Уже долгие месяцы и годы учитель пребывал в тоске и унынии, пока в его дверь не постучал странный парень непривычного вида, который принес ему в подарок еду и кувшин вина. Он много слышал об искусном риторе Леонтии и пришел выказать ему свое уважение. Леонтий с удивлением разглядывал молодого германца в хорошем плаще и с богато украшенным ножом на поясе, который жонглировал словами, словно ярмарочный плясун камешками. Он не был образован, как и все варвары, а потому учителю быстро наскучил. Однако воин смог удивить его.
— Учитель Леонтий, а не хотели бы вы уехать далеко отсюда? Туда, где нет ни одного епископа, но зато есть сотня мальчишек с горящими глазами, которым вы сможете передать все знания, что копили много лет?
— Таких земель не бывает, — грустно усмехнулся Леонтий. — По крайней мере таких, где живут нормальные люди. Таких, с кем можно просто вести беседу. Ты, воин, прости за прямоту, весьма неглуп, но абсолютно невежествен. Уверен, ты не сможешь процитировать ни одного стиха Овидия.
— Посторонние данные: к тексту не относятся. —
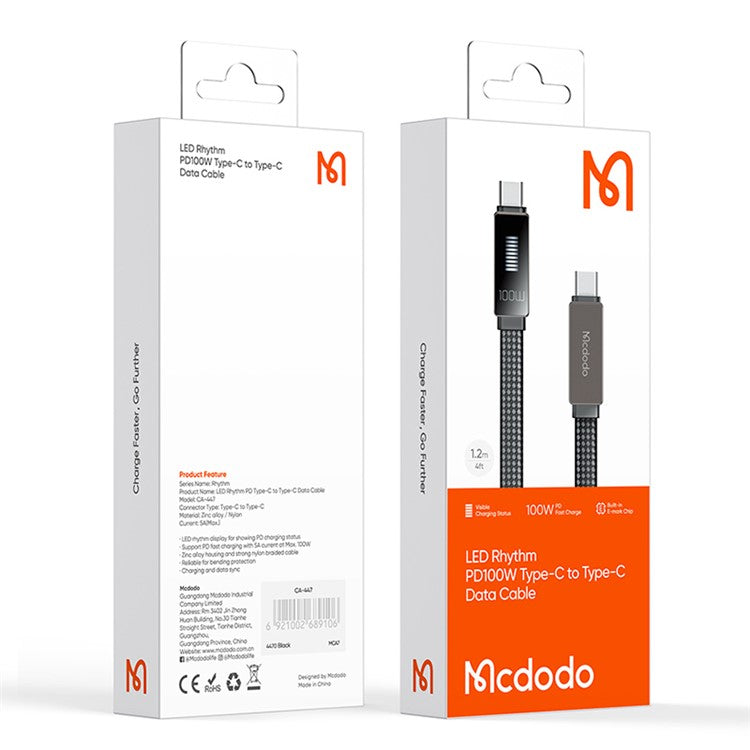 MCDODO CA-4470 Rhythm Series for iPhone 15 Series 1.2m PD 100W Type-C to Type-C Data Cable with 9-level Light Display, Black

— Григорий! — гаркнул вдруг странный германец, а в домишко просунул неровно обросшую макушку худощавый парень, на лице которого было написано неуемное любопытство. — Ну-ка, выдай уважаемому учителю что-нибудь из Овидия! И ты хотел обсудить с кем-нибудь диалектику Зенона. Всю голову мне этим Зеноном пробил, паразит. Знать бы еще, кто это такой. Задачу понял? Выполняй!
И Самослав, а это был он, вышел из домика на окраине. У него еще были тут кое-какие дела, и они не терпели отлагательства. Агентура в лице почтенного купца Приска стоила слишком дорого, чтобы разбрасываться ценной информацией.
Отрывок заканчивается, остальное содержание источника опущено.